Since World War II, the U.S. has generally been able to assume its military capabilities would simply be there. But with declining budgets, sequestration and the drawdown overseas, “it’s not clear that assumption is going to hold in the future,” said Barry Watts, senior fellow at the Center for Strategic and Budgetary Assessments and author of the study.
Before it’s too late, the Defense Department should attempt to define the core competencies of both itself and the defense industrial base, and focus its budget priorities there “rather than starting with what to reduce or cut for the current budget cycle,” said Watts, who was head of DOD’s Office of Program Analysis and Evaluation from 2001 to 2002.
It’s not as if DOD hasn’t tried. But efforts in the last decade have mostly sputtered out, according to Watts. Because of rapid contractor consolidation and disagreements between the services, it’s hard to settle on a concise core competency list for both DOD and the defense industrial base. Watts was at DOD in 2001 when then-Defense Secretary Donald Rumsfeld asked for a strategic review of military capabilities.
“We got absolutely nowhere,” Watts said. “Lists like this are very controversial.”
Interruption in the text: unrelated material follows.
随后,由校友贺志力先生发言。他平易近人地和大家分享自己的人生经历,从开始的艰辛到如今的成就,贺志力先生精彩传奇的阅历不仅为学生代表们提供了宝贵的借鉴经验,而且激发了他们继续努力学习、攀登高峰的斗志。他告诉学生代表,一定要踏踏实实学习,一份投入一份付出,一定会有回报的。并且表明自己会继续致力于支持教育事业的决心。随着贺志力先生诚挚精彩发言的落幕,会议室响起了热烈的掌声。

Several years ago, Manufacturing and Industrial Base Policy within DOD tried to do a sector-by-sector, tier-by-tier breakdown of all the services. It hasn’t been finished, Watts said.
“Because the Pentagon has not been able to get down to lists like these and really saying what we thing going forward is important, it just generates a lot of uncertainty in the minds of people in the industry,” Watts said.
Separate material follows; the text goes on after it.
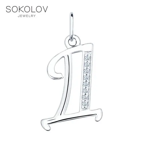 Кулон буква Д SOKOLOV, Серебро, 925, Оригинальная продукция

So Watts, over three months of arguing with colleagues, set down six core competencies each for DOD and the defense industrial base, or DIB.
For DOD:
- Global nonnuclear precision strike
- Flexible, effective nuclear forces
- Capability to protect and sustain combined-arms campaigns at the operational level of war
- Access to freedom of action in the global commons — at sea, in orbital space and in the electromagnetic spectrum, which includes cyber
- The cryptologic enterprise
- Realistic combat training
For DIB:
- Precision weapons, strike and defense missiles
- Low-signature platforms such as stealthy air vehicles, manned and unmanned
- Global intelligence, surveillance and reconnaissance, or ISR (ie. satellites, GPS)
- Integrated battle networks that marry ISR with robust command
- Electromagnetic spectrum (ie. network attacks, network defense, cryptologic skills)
- Large-scale system and network architecture integration
Of course, Watts said, all come with the caveat that knowing which of these supply chain elements require special attention would require a more detailed mapping of DIB only the Pentagon could provide.
Cyber, in particular, is “hard to talk about,” Watts said. Even with the copious leaks, “it’s too classified” to make useful recommendations.
But absent this core competency thought process, DOD might find itself without the necessary design and production capabilities to meet combat requirements in coming years. If that happens and the U.S. is in a pinch, there aren’t many other advanced military producers on par with the U.S.
“Who are we going to go to? China? Russia? We just don’t really have anywhere to go,” Watts said.